今回求めたのは樹齢300年以上の天然「木曽檜(きそひのき・きそひ)」です。
「伊勢神宮」と同じ木曽檜で、と。

30年前、岐阜瑞龍寺僧堂再建の仕事に就いていた頃、何度か訪ねた木曽郡上松町の池田木材は、皇居宮殿から全国の名のある神社仏閣に木曽材を納めている材木問屋で、設計当初から出来ることなら調達のお願いをするつもりでいました。

先ずは神の鎮まります霊なる床之間の屋根の大唐破風で長さ4.5メートルの曲がり木2枚。
5月11日に木曽へ出向き、有難くも良き出会いに恵まれました。
原寸の型板を置いた時の曲がり具合の良さに惚れました。樹齢は約350年。

次は長さ8メートルの水引虹梁(みずひきこうりょう)。
床正面の結界でもある横一文字の直線材で、この長物は調達不可材といわれ、あっても正面に大きな節が出て、大概は節を取り埋木をして使われているものです。

用意されたものは良材でしたが、正面に小節が幾つか出ていて、埋木の始末で採用できる範囲の材でしたが、何故か気持ちが動かず、他材をお願いして帰途につきました。

帰りの車中は、大破風のウキウキと虹梁のウツウツが交差して、恋多きオヤジの苦しみが滲み出ていた4時間でした。

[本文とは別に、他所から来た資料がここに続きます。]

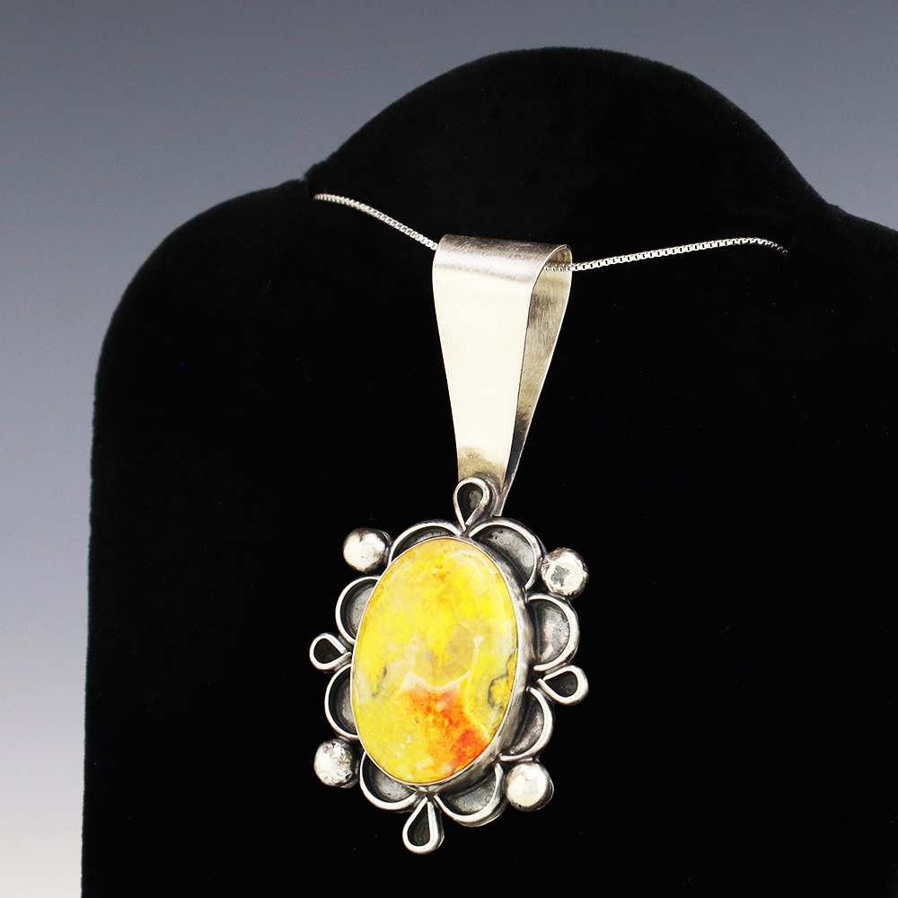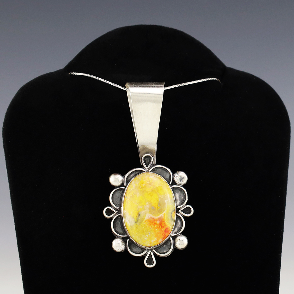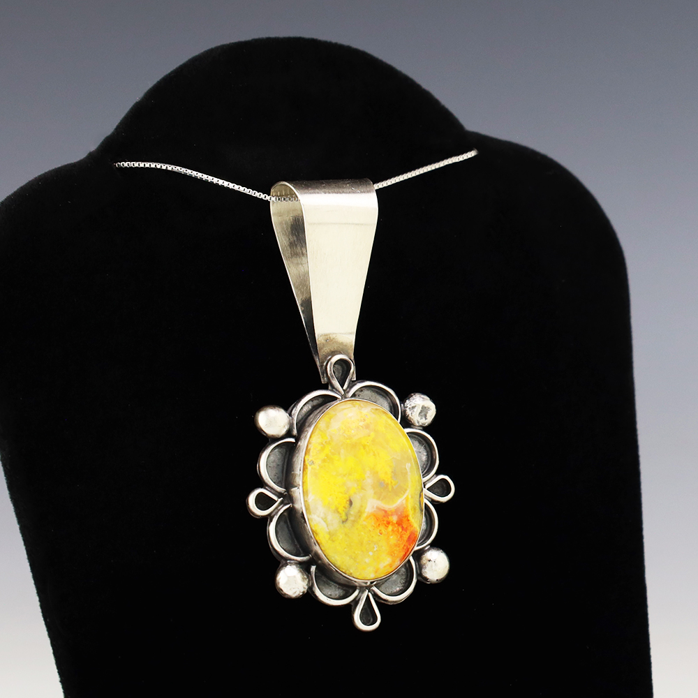 Gorgeous pendant hand made out of sterling silver and Bumblebee Jasper by Navajo artist Danny Henio. A timeless beauty that you will enjoy for years to come. Weighs 14 grams. Signed (Chain not included)

「30年乾燥してあるのが見つかりました。製材に立ち会ってくれますか?」、との連絡が入り、5月27日再び木曽路へ。

真っ黒になった肌がみるみる白くなって行く…。
曲がりのない真っ直ぐ。願ってもない木味(きあじ・肌合い)。
正面に僅かな節の影はあるが、稀にみる美麗な檜。
高貴な色合い。芳しい香り…。
極上といえるものだった。

私の脳裏にはこの材が虹梁として霊床の結界として付いた情景が浮かんだ。
すぐさまオッケーを出し、設計パートナーと共に材にサインをしました。

樹齢400年といえば江戸時代初期に木曽北沢地区の北向き斜面に芽を出し、それが時を経て箱根に建設される霊なる床の主材として使われる縁(えにし)。

(求めつづけて諦めない…)。
先ずは良かった!材が有れば大工仕事ができる、と。夕暮れの富士は北斎の三十六景を思わせる美しい姿でした。

 

   大雨に木曽檜を探ね上松に 待つは貴なるや神の虹梁(にじばり)

 

 

 

 

 

2022年5月29日

2022年4月15日
ウクライナ&コロナ

今、建設業界では工事費高騰が始まり戦々恐々としています。

コロナ禍で品不足や価格上昇が続き、ここへ来てウクライナショックで、原油や小麦を始めあらゆるものが値上傾向となりました。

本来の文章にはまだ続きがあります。